ABOUT THIS TASK: Exactly as they appear below, repeat the lines from the one with "Rural 4-bedroom house" through the one with "оставит никого равнодушным.". Drop every picture.

(Stored dataset items)
★ ★ ★ ★

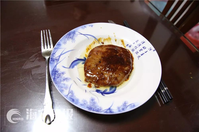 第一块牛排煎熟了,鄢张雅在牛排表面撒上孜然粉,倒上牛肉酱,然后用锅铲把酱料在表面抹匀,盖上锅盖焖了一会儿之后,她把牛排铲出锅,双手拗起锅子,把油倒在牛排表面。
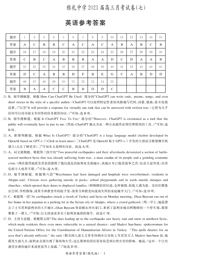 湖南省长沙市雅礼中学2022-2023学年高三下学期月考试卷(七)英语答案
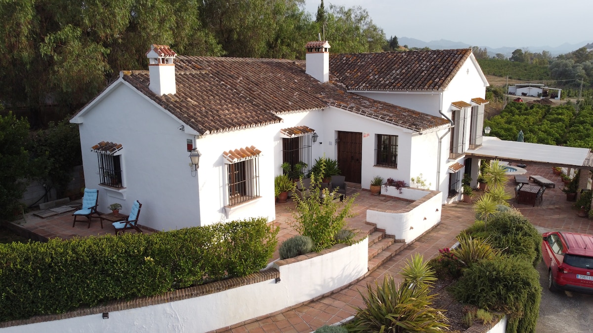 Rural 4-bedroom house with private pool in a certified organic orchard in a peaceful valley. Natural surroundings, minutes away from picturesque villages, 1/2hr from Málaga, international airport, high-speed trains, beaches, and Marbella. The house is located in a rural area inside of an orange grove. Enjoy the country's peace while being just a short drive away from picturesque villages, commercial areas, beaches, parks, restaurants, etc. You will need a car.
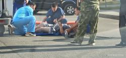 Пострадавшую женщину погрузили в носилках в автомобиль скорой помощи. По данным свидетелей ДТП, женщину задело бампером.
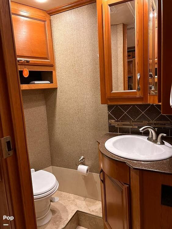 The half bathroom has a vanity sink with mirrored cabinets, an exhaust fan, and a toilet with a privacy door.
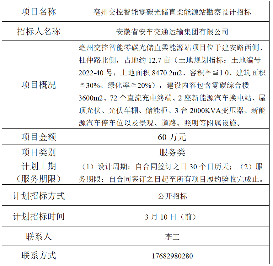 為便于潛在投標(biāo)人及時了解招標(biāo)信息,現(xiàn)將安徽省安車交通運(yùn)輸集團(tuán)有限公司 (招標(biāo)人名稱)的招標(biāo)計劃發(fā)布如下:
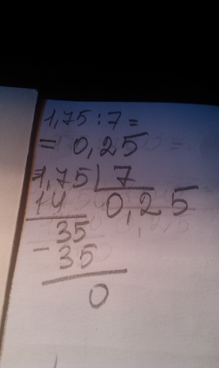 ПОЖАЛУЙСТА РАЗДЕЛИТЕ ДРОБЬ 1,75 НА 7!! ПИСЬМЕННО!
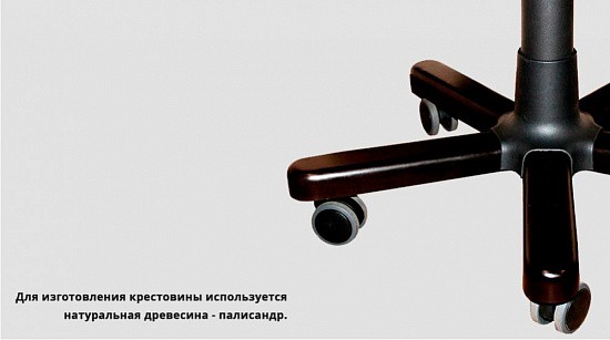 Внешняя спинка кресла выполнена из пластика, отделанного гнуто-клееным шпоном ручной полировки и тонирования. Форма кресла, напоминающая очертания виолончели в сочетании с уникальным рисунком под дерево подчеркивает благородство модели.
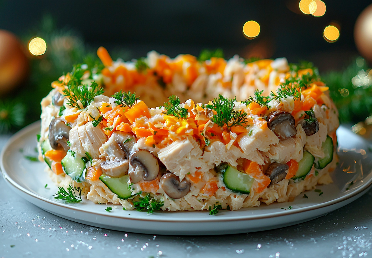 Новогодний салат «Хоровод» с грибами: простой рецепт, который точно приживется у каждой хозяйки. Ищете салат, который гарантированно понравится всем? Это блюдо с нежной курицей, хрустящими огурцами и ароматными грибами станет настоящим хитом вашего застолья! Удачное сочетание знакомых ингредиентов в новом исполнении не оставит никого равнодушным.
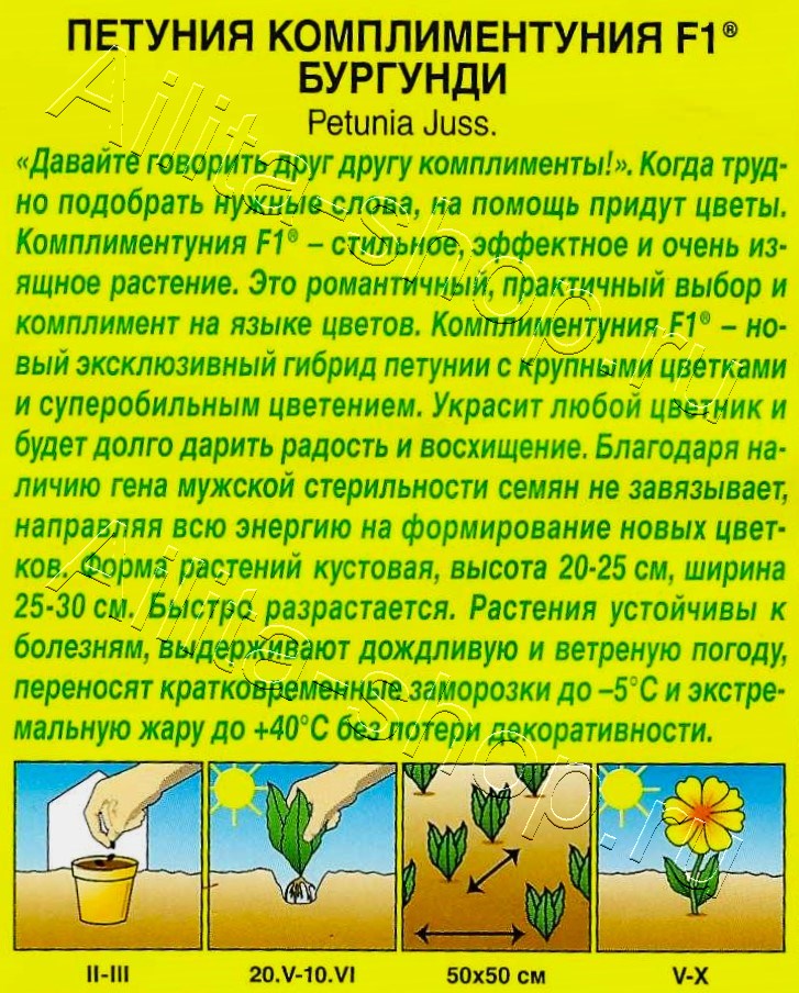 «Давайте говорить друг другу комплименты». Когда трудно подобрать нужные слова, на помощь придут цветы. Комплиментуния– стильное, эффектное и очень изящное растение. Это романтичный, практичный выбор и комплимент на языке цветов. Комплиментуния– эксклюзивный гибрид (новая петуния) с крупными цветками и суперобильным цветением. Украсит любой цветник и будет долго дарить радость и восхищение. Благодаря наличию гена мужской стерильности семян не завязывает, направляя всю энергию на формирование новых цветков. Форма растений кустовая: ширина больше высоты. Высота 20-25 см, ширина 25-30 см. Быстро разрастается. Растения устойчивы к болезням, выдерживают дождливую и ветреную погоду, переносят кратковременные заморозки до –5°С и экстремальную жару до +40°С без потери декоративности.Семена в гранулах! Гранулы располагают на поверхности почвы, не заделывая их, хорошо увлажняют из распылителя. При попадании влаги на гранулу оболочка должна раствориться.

★ ★ ★ ★

TASK SOLUTION:
 Rural 4-bedroom house with private pool in a certified organic orchard in a peaceful valley. Natural surroundings, minutes away from picturesque villages, 1/2hr from Málaga, international airport, high-speed trains, beaches, and Marbella. The house is located in a rural area inside of an orange grove. Enjoy the country's peace while being just a short drive away from picturesque villages, commercial areas, beaches, parks, restaurants, etc. You will need a car.
 Пострадавшую женщину погрузили в носилках в автомобиль скорой помощи. По данным свидетелей ДТП, женщину задело бампером.
 The half bathroom has a vanity sink with mirrored cabinets, an exhaust fan, and a toilet with a privacy door.
 為便于潛在投標(biāo)人及時了解招標(biāo)信息,現(xiàn)將安徽省安車交通運(yùn)輸集團(tuán)有限公司 (招標(biāo)人名稱)的招標(biāo)計劃發(fā)布如下:
 ПОЖАЛУЙСТА РАЗДЕЛИТЕ ДРОБЬ 1,75 НА 7!! ПИСЬМЕННО!
 Внешняя спинка кресла выполнена из пластика, отделанного гнуто-клееным шпоном ручной полировки и тонирования. Форма кресла, напоминающая очертания виолончели в сочетании с уникальным рисунком под дерево подчеркивает благородство модели.
 Новогодний салат «Хоровод» с грибами: простой рецепт, который точно приживется у каждой хозяйки. Ищете салат, который гарантированно понравится всем? Это блюдо с нежной курицей, хрустящими огурцами и ароматными грибами станет настоящим хитом вашего застолья! Удачное сочетание знакомых ингредиентов в новом исполнении не оставит никого равнодушным.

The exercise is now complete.